I'm beginning to recall the story when his nurse walks in.

"Good morning," she says.

"Good morning."

"The doctors should be by in about an hour," she tells me.

I nod and reach for Nathan's hand. The swelling is still bad, but I hold it in mine anyway.

I tell him all about my night and the boy who I kissed, wishing so much that he would wake up and make fun of me, or ask me questions. He doesn't. And when the nurses come in to roll him slightly so he doesn't get bed sores, I take the opportunity to head out to the vending machines for some breakfast.

When I get back to the room I explain to Nathan that I need to make a fake Instagram account. If he were awake, this would be the exact thing he would love. He pretends to mind his business, but his favorite parts of the week are when he stumbles upon someone else's tea.

I walk him through every step. First, I choose a name. Easy enough. I looked at the accounts last night and what I realized is that a lot of the female accounts that interact are just pictures of food and sexy girls. I can fake that easily. I search for some picture of girls that don't include a face. I scroll far down so they aren't top in the search. Now I just have to populate my account with the pictures.

"Men are stupid if this works," I tease Nathan.

Next, I follow all the major car companies and even some local tire stores. I follow random people who do not have private accounts.

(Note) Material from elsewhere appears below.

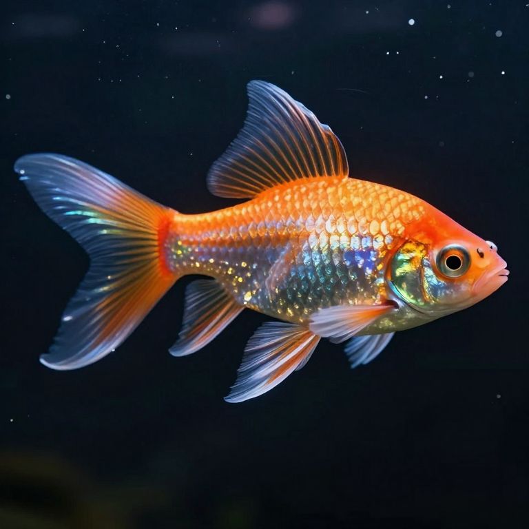 Gleaming glass fish with iridescent orange and silver scales gracefully swims through a dark, ethereal backdrop, its translucent fins shimmering with liquid light that shifts and dances, casting an enchanting glow around its form.

By lunch time, I'm following over one hundred people or businesses and have received some followers as well. It's working. I post a picture of my vending machine haul for good measure. The account will pass as legit to a quick glance, but if anyone really did a deeper dive, they'd see my pictures are all dated today. Over time that problem will fix itself as I add others.

The doctors come to his room as I am returning from my bathroom break after lunch. They look through his information while keeping very serious, straight faces. I watch for any sign of worry or even happiness, but they are true professionals—or robots--and don't give anything away. I tell them I'm on the release list, and they nod.

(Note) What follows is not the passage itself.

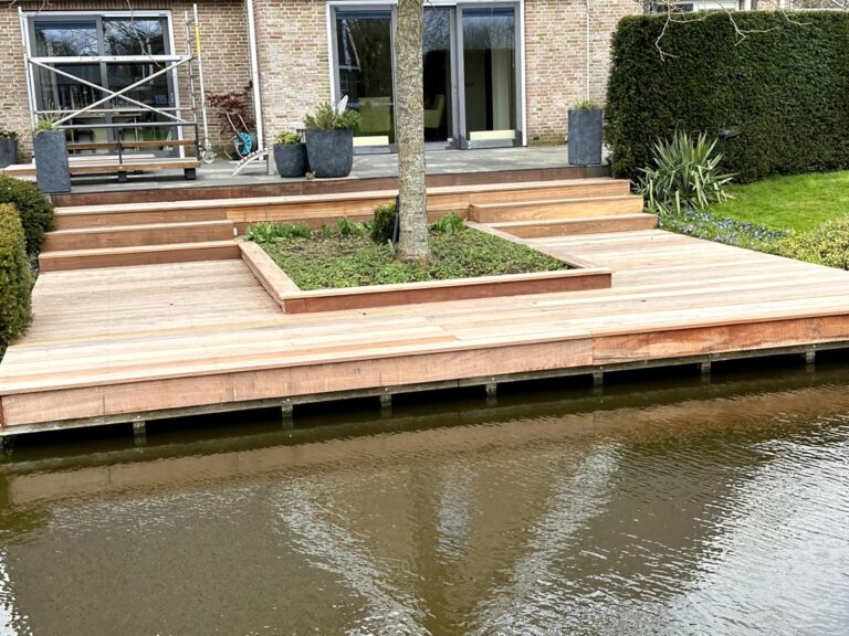 Hardhouten vlonder Afgelopen week hebben wij een hardhouten vlonder geplaatst in Stolwijk deze bestaat uit een regelwerk van hardhouten balken…

"Everything is stable," they tell me.

"Is he going to wake up?" I ask.

This questions always causes a moment of contemplation from the doctors, and believe me, I have asked each one.

"Right now we are just helping him heal. We will know more when we can do further testing," they say. It's no different from what I've heard already. I don't press for more.

I help to fluff the pillow behind his head and then open the blinds in his room in case what people saying about sunlight being healing is true. By the time dinnertime comes around, I've told him everything I have found out so far. I've been approved to follow two good leads. I'm stalking their profile when an Instagram story appears at the top of my phone screen.

The background is pavement and the message is just a time and the name of two streets. My heart stops. This is it. I know where they are meeting. I squeeze Nathan's hand and gather my stuff.

ME: I am going tonight.

I send the text to Elijah as I make my way out to my car. My hands are shaking. Am I really doing this? In this moment I'm so grateful he's offered to go with me and I'm hoping he responds. I'm almost home before I get his text.

ELIJAH: Wait for me. I'll pick you up.

I like the text and then run inside to change out of my sweats and into something more appropriate for being out in LA. I hear his car at the end of y street as I'm putting on my shoes.